By the way, not all of Lehman Brothers went into bankruptcy. The core business got sold to Barclays.

The bankruptcy of ten to twenty of these financial institutions would have turned that hole into a canyon.  People freak out when banks start failing.  There is a reason why you had a run on the banks during the Great Depression.  When people don't feel like there money is safe, they want it in their hands right now.  When everybody wants their money in their hands right now, banks don't have any money.  Banks really only hold 10-20% in assets of what their liabilities are.  If you would have had a run on the banks, even banks that were perfectly financially sound would have run out of money.

I'm not just making this stuff up.  It already happened once before last century. 

I give credit for Bush and Cheney for having enough sense to do something about it.  TARP was the smartest decision Bush made while he was in office, although I can't say the Bush Administration handled the money as well as they could have.  But they did avert what could have easily rivalled the Great Depression.

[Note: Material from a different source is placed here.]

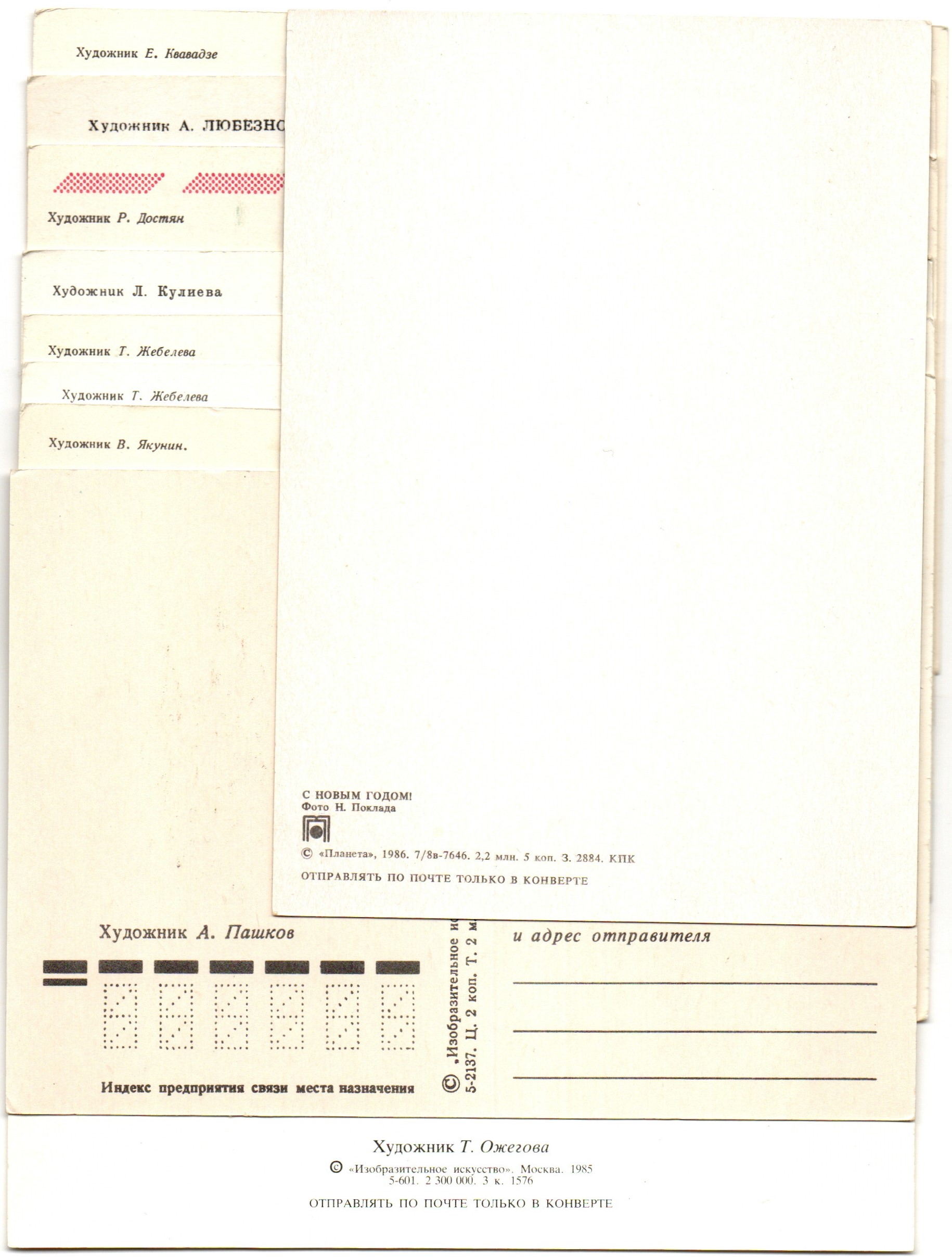 Оригинальная подборка раритетных Новогодних поздравительных открыток — 10 штук — разные художники Поклада, Любезнов, Ожегова, Кавадзе, Жебелева, Якунин, Пашков, Кулиева, Достян — чистые, без повторов, времён СССР 1960-1990 гг. Каждая открытка эксклюзивна и создана талантливыми художниками Советского Союза. Старинные открытки имеют неповторимый стиль СССР и набирают все больше и больше популярности среди коллекционеров. Советские открытки С Новым годом отлично подойдут в личную коллекцию и на подарок коллекционерам открыток. Состояние и комплектация на фото.
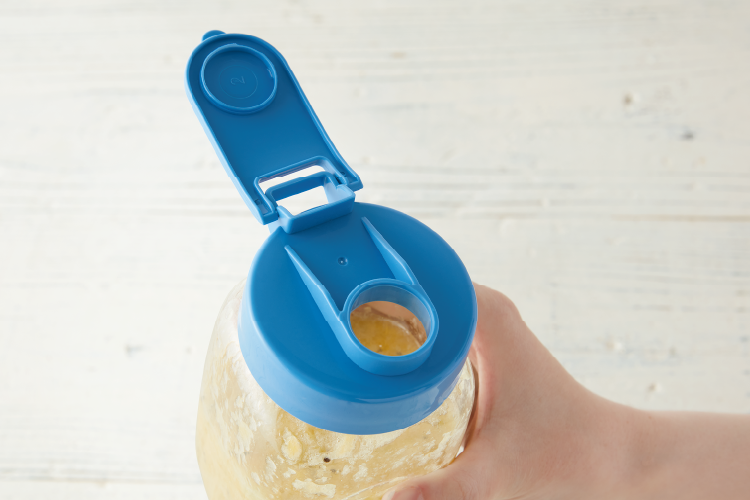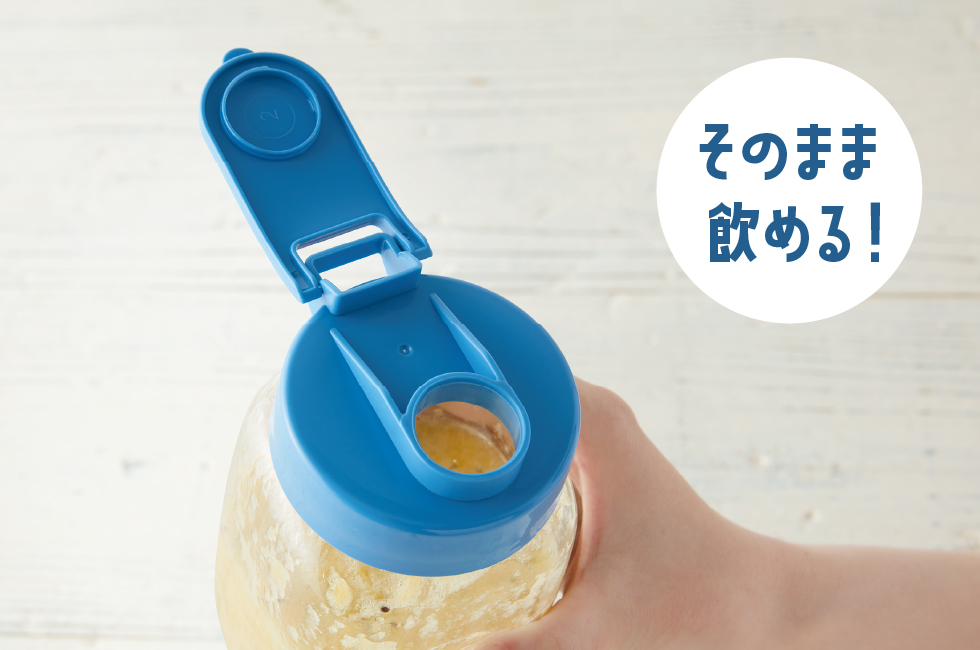 グラスに移し替えずにそのまま飲める、専用の[ドリンクキャップ]つき。ソースやスープを注ぐ時もこの[ドリンクキャップ]が活躍します。

It must be possible to close down a bank in a graceful enough way that people don't stage a run on the bank. With all the creativity the administrations have shown in this mess, it should be possible to transfer depositors to other banks, etc. In fact that's what happened with a lot of the bank failures.

I refuse to believe that the only solution to the banking problems was to save most banks and give them massive amounts of money that they can waste doing business as usual (limited by their capital levels of course). There's a lot of evidence to show that most things the banks were doing wrong before the recession, they're still doing (an example is the bloomberg article I posted above).